To get into your specific questions:

Why can’t the character (image) be copied?

As an unprintable character, its screen representation is not well defined. So attempting to copy and paste it from a terminal will yield unexpected results.

Do garbage characters have some pattern? Meaning that can you
predict for an empty string what character can come, for an empty
integer what will come, and so on.

The nature of garbage characters is that their contents are undefined. Trying to predict what uninitialized data will contain is a futile effort.
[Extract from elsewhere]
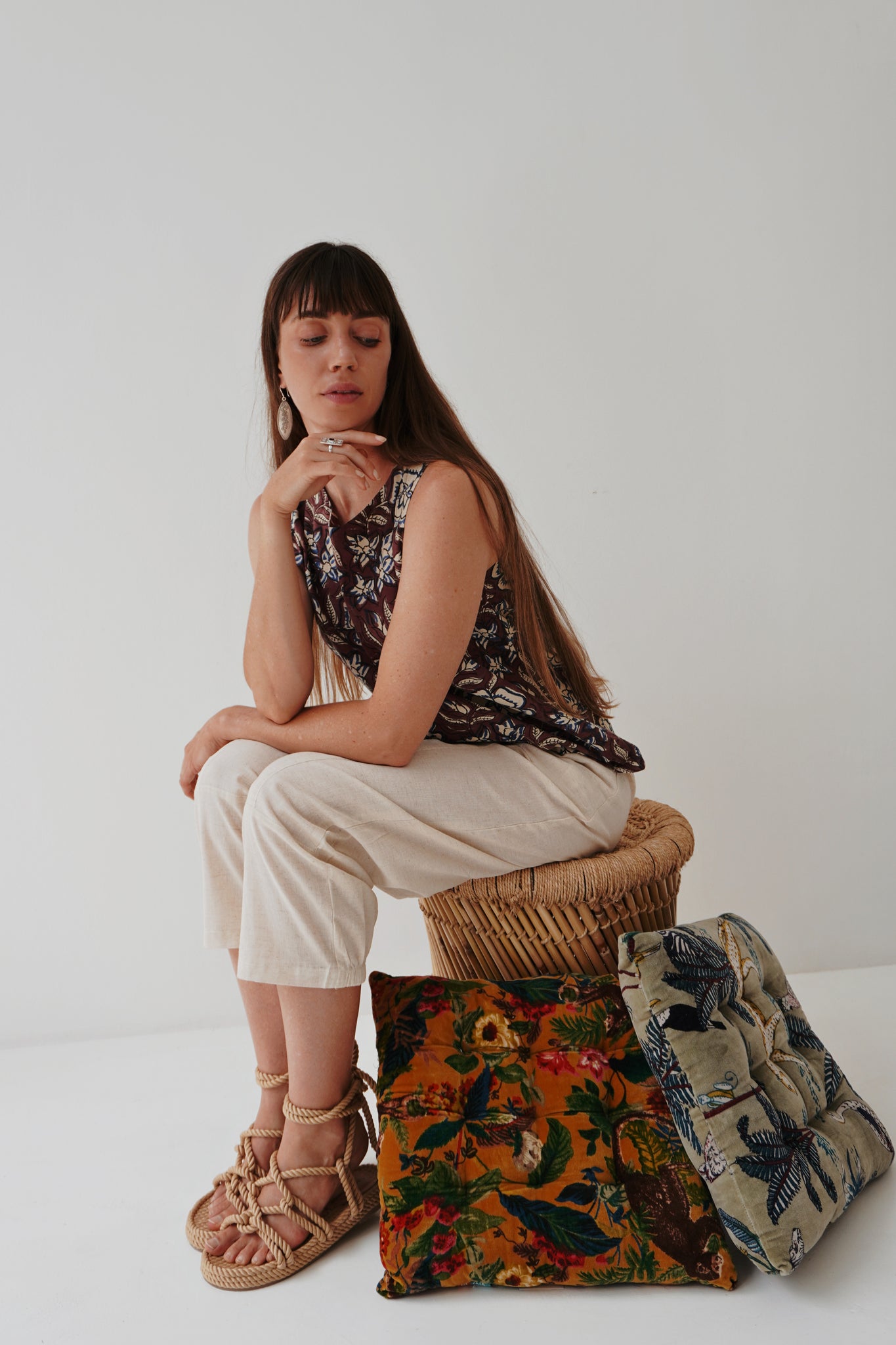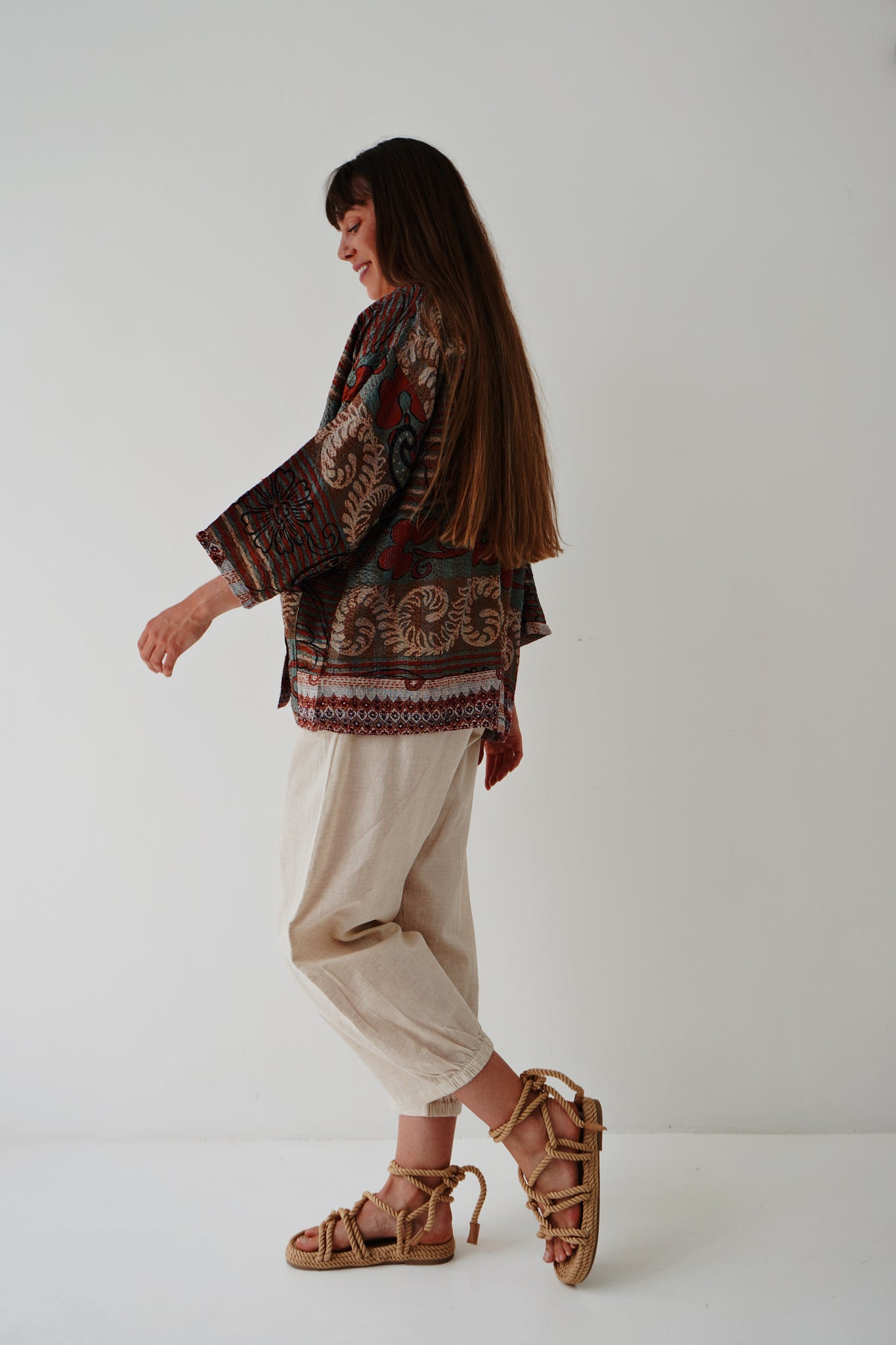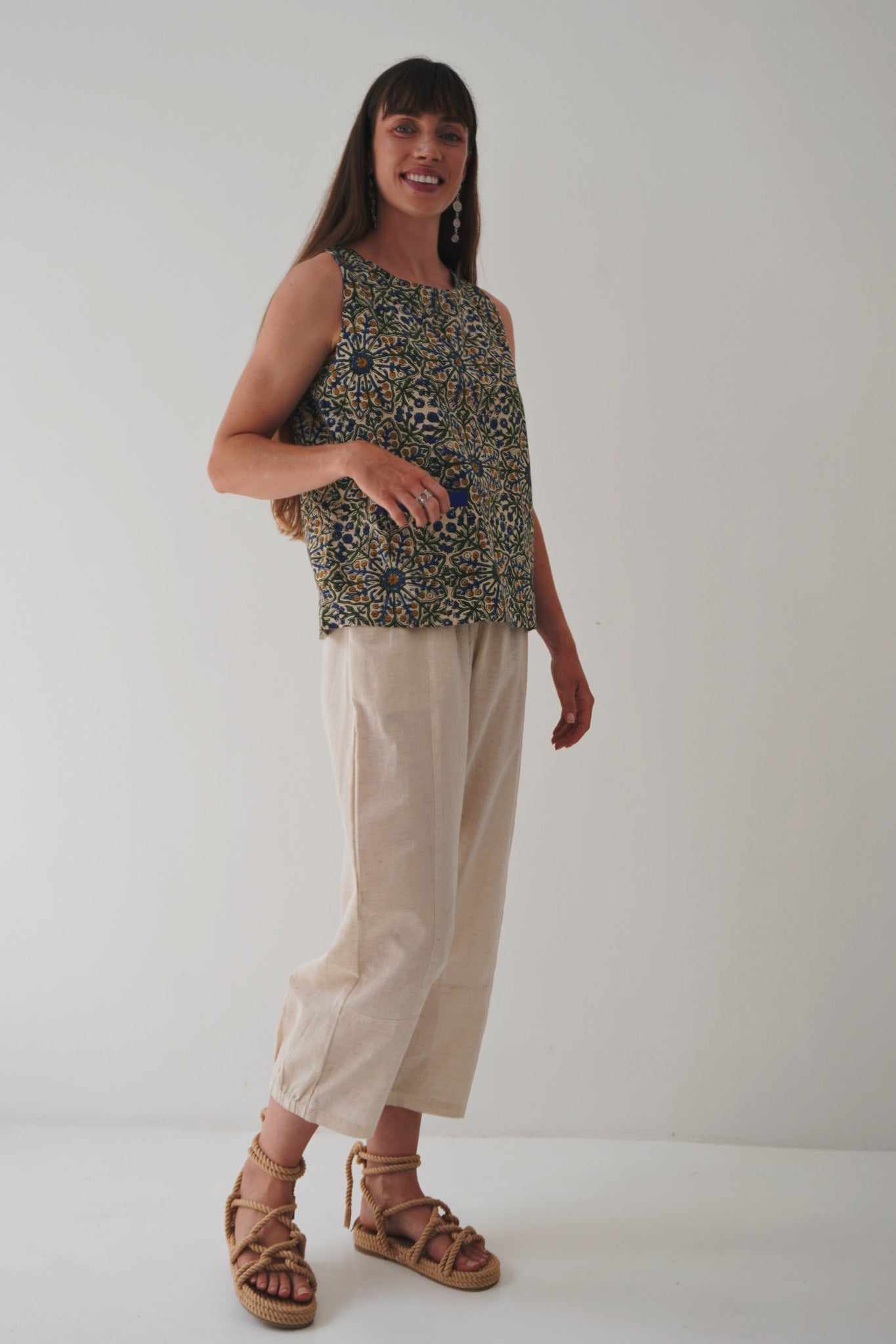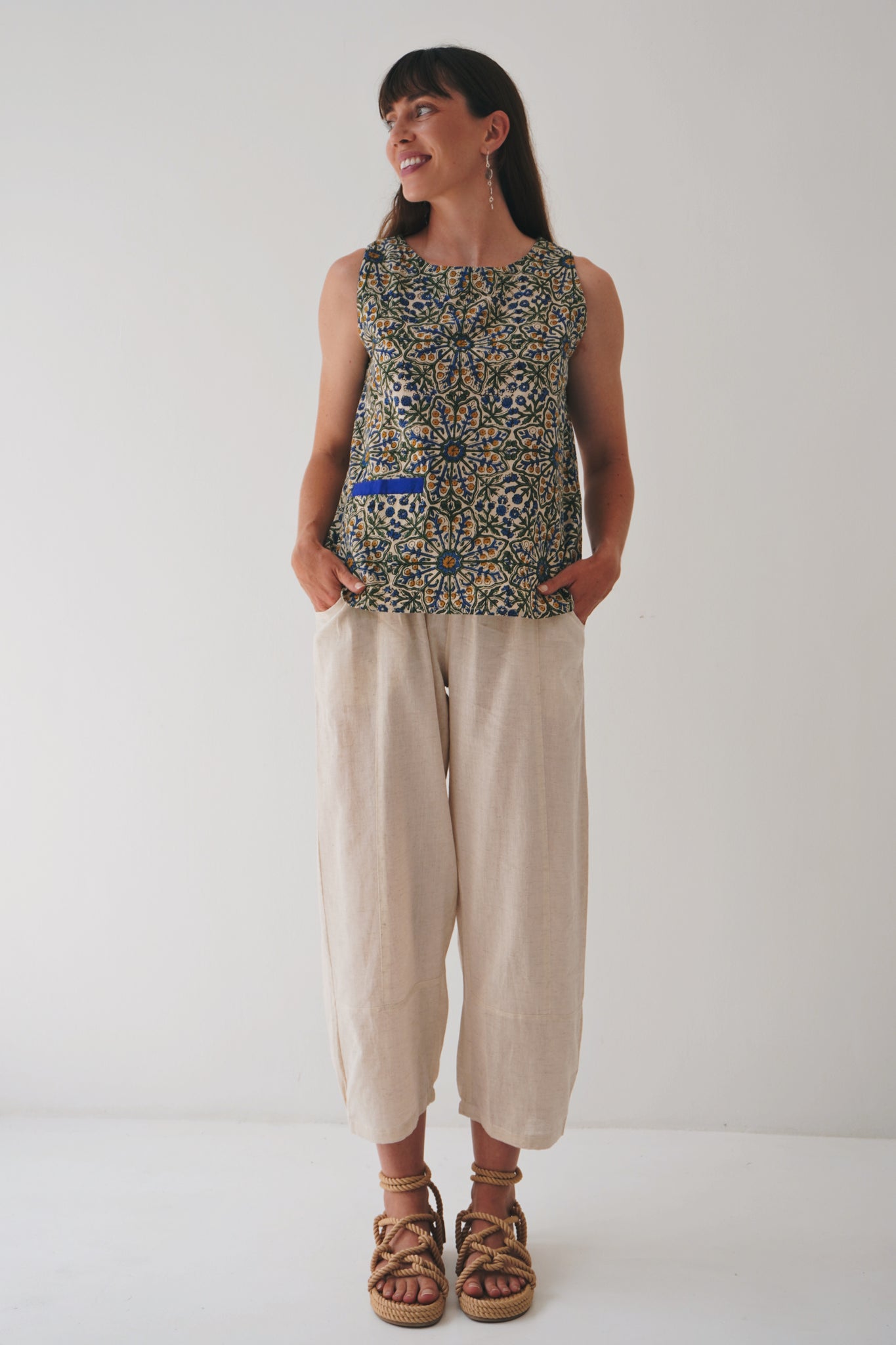A lovely neutral addition, something soft and comfy! Featuring a thick elasticated waist, lovely roomy pockets, and a wide leg that very subtly tapers at the ankle. The ankle cuffs are flat at the front, but with elastic at the back, giving it a slight gather and truly funky cool shape. A slight crop, and subtle seams, provide structure to an otherwise utterly relaxed pair of pants!

The same piece of code compiled with two different compilers (or the same compiler with different optimization settings) can have completely different contents for any uninitialized data.

The standard doesn’t say what values should go there, so implementations are free to handle it however they want. They could chose to leave whatever values happen to be at those memory addresses, they could choose to write 0 to all addresses, they could choose to write the values 0, 1, 2, 3, etc. in sequence. In other words, the contents are undefined.

When a variable is declared, why does it have a garbage character
instead of being blank? Is there a specific reason of storing it with
a garbage character?

Global variables and static local variables are initialized with all bytes zero, which is what the standard dictates. That is something that is done easily at compile time. Local variables on the other hand reside on the stack. So their values are whatever happens to be on the stack at the time the function is called.

Here’s an interesting example:

void f1()
{
    char str[10];
    strcpy(str, "hello");
}

int main()
{
    f1();
    f1();
    return 0;
}

Here is what a particular implementation might do:

The first time f1 is called, the local variable str is uninitialized. Then strcpy is called which copies in the string “hello”. This takes up the first 6 bytes of the variable (5 for the string and 1 for the null terminator). The remaining 4 bytes are still garbage. When this functions returns, the memory that the variable str resided at is free to be used for some other purpose.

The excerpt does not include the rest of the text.